Людка эту фразу записала.

Если забыть, что тебе пятнадцать и грудь растет не по дням, а по часам, и если не вспоминать, как неделю назад бритый под «бокс» Витька Каурин прижал к стенке и залез, гад, под непривычный телу, а потому ненавистный лифчик, то вполне можно жить. А если не думать о вчерашней подножке, которую подставила подруге из параллельного класса, в результате чего 9 «А» взял кубок первенства школы по баскетболу, да еще учесть, что скоро тебя покажут по телику как самую юную, но перспективную баскетболистку города, то жить можно радостно! Что я и делала. Иногда. Время же, свободное от «иногда», я проводила рядом с мамой.

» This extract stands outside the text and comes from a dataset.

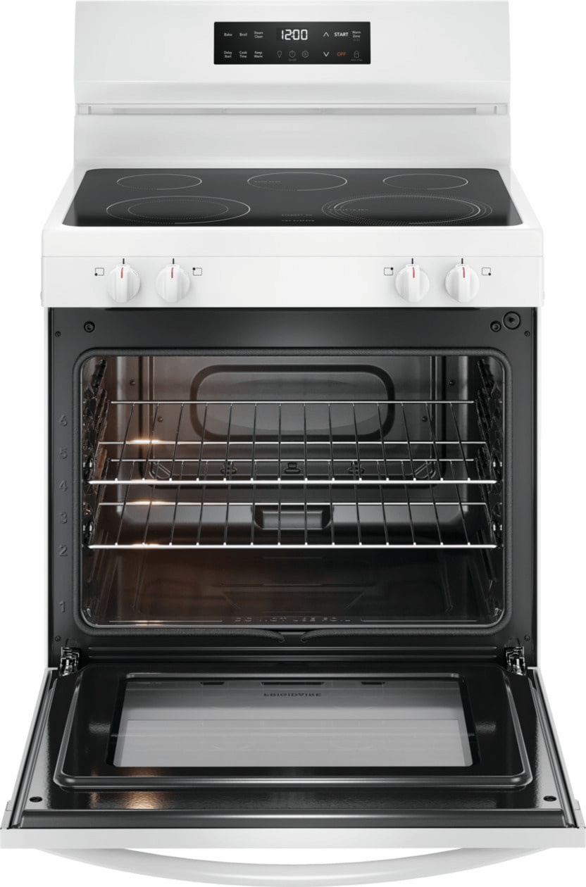 The Frigidaire 30" Electric Range with the EvenTemp® cooktop element delivers consistent results every time, because it reduces hot and cold spots in your pan. Plus, enjoy easier cleanup with our Steam Clean cycle that provides a quick 30-minute oven cleaning that's chemical-free, odor-free and fast.

Я была никудышней дочкой, забывала ее кормить, чем Людка меня постоянно и попрекала. Она ж не знала, что моим любимым занятием в ее отсутствие было сидеть на полу, положив голову на колени матери. Когда «опекунша» приходила, я как ни в чем не бывало валялась на кровати и листала дешевый журнальчик: ни за что на свете я бы не показала Людке, что вытворяю без нее. Она считала меня черствой и называла сухарем. Я не спорила. Лишь бы не в детдом, откуда до «психушки» два часа езды. В том, что мать отправят именно туда, я не сомневалась: она никого не узнавала, ничего не соображала и пускала пузыри. К тому же, не двигалась.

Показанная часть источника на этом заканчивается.